English | [简体中文](https://github.com/MarvekW/InsightMemory/blob/main/README.zh-cn.md)

InsightMemory is an LLM-native long-term memory system that can think through, synthesize, and remember what it stores.

It does more than split text into chunks and put them into a vector database. It understands incoming
content, automatically determines who each memory belongs to, represented as an `entity`, turns scattered
inputs into durable structured `memory` records, builds support, update, conflict, derivation, and related
edges between memories, and supports associated-memory queries with evidence-backed answers.

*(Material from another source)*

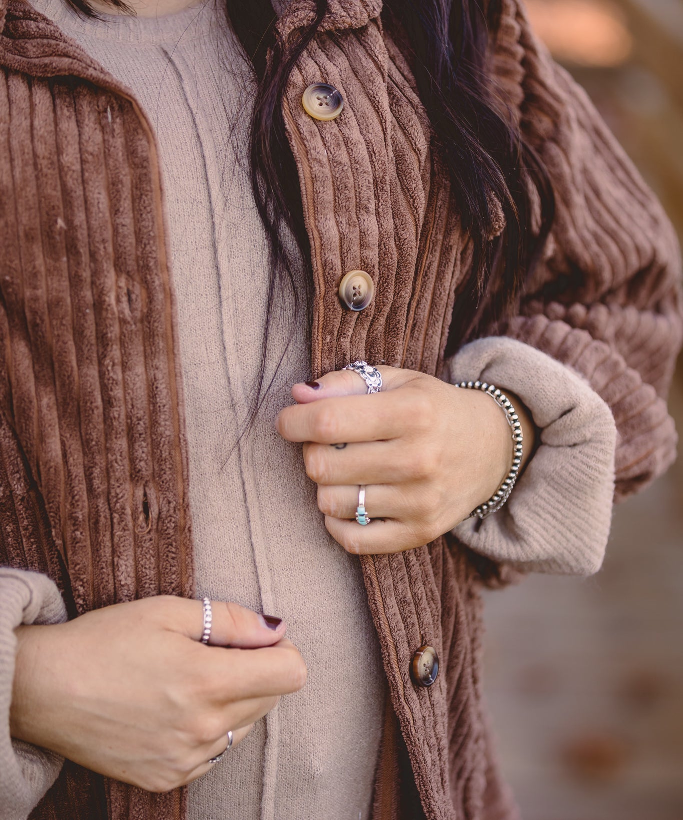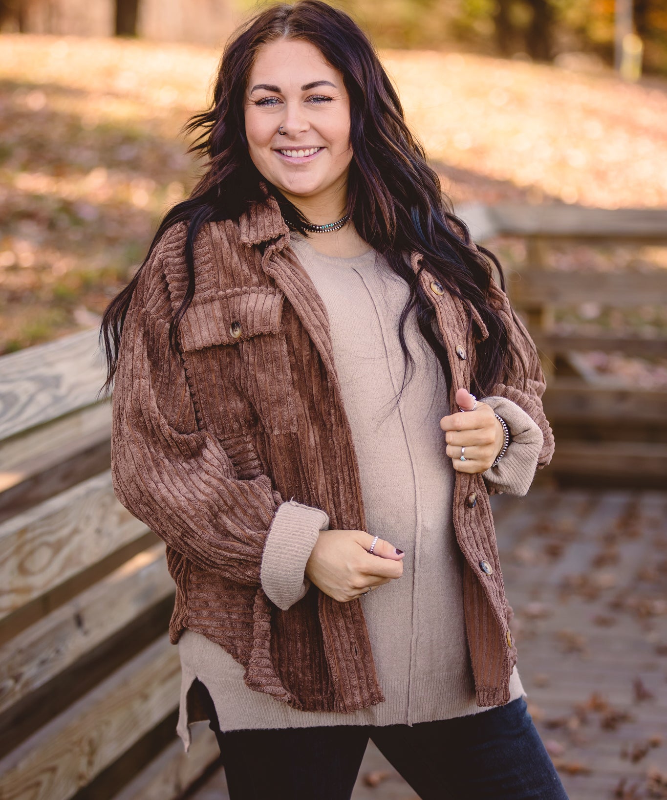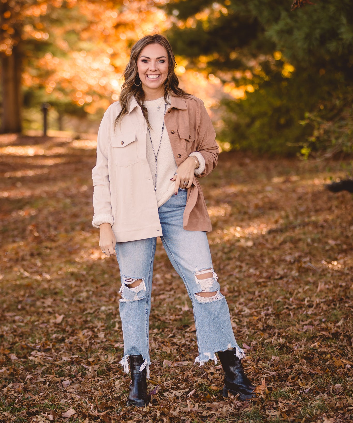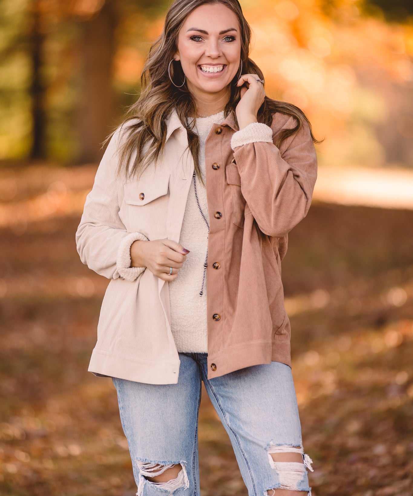 Mocha + Cream Half & Half Mini Corduroy Shacket

In short: InsightMemory gives LLM applications an entity-centered, evolvable, traceable, association-aware
long-term memory layer.

> License note: this project is licensed under the MIT License. See [LICENSE](https://github.com/MarvekW/InsightMemory/blob/main/LICENSE).

## At A Glance

- **It thinks before it stores**: incoming text is interpreted into entity-centered memory instead of being
  dropped into a flat chunk pool.
- **It synthesizes, not only appends**: new information can update, extend, conflict with, or support existing
  memory while preserving history.
- **It recalls with reasoning context**: retrieval can expand through memory edges to answer why/how questions,
  not only similarity matches.
- **It keeps evidence attached**: answers can return citations, supporting observations, and historical context.

## Quick Start

The current API does not take a separate `entity` field. Instead, the text you write should explicitly state
who the memory is about, and recall queries should also mention the target entity clearly.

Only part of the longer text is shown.